É, invariavelmente, por volta das cinco e meia: desço, dou três puxadelas na corda de ligação do soprador e a gasolina de mistura começa a trabalhar a sua magia. Dez minutos mais tarde a avenida das pipas e todo o alpendre nascente estão sem folhas, limpinhos. Nessa altura já posso subir, tomar o meu banho, despachar-me e voltar para baixo.
E então um novo ritual: ligar a música, as cascatas de luz, trazer o pão quentinho, que o padeiro deixa lá ao fundo, e colocá-lo na grande cesta verde, nem muito abafado, nem demasiado exposto ao ar.
Nessa altura o presunto espreita-me e, por vezes, não lhe resisto: lasco-o com devoção e junto-lhe a mor tentação em forma de côdea de pão quente com um toque de manteiga.
Enquanto na cozinha já se ouvem as vozes que preparam o jantar, começam-me a chegar os meninos.
– Falta passar o pano nas mesas e verificar os cinzeiros da rua.
– Já estou a tratar disso…
– Abram também o resto dos toldos e preparem as mesas das reservas e a máquina dos copos…
Às vezes tenho tempo para parar e olhar à volta. Tempo para me encantar, outra vez como a primeira, com a beleza de tudo. Tempo para deixar que a incrível energia do espaço me atinja outra vez, como a activação de um incontestável super poder. Tempo para intuir os sorrisos orgulhosos e tão incrivelmente felizes dos fundadores que já só estão sem serem vistos.

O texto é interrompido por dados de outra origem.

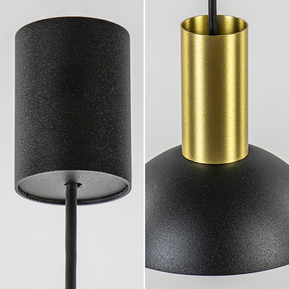 Deze kleine hanglamp maakt het interieur helemaal af. Super leuk boven een bijzettafel of met meerdere boven een salon- of eettafel. De zwart met bronzen hanglamp is voorzien van een spot aan de binnenzijde die het oppervlak onder de lamp goed uitlicht. De hanglamp kan enkel worden opgehangen maar leent zich ook perfect voor maatwerk als multipendel. De kap is gemaakt van metaal en uitgevoerd in het mat zwart met brons. De hanglamp wordt geleverd zonder lichtbron en is dimbaar middels een externe dimmer (exclusief).

Às vezes perguntam-me como é que é possível que aqui, atrás dos montes escondido, se encontre este surpreendente tesouro. Respondo que tal característica é a sua própria essência: é por estarem escondidos que os tesouros são tesouros… e é por terem guardadas em si, sem que se deixem ver, as soberbas energias de um clã.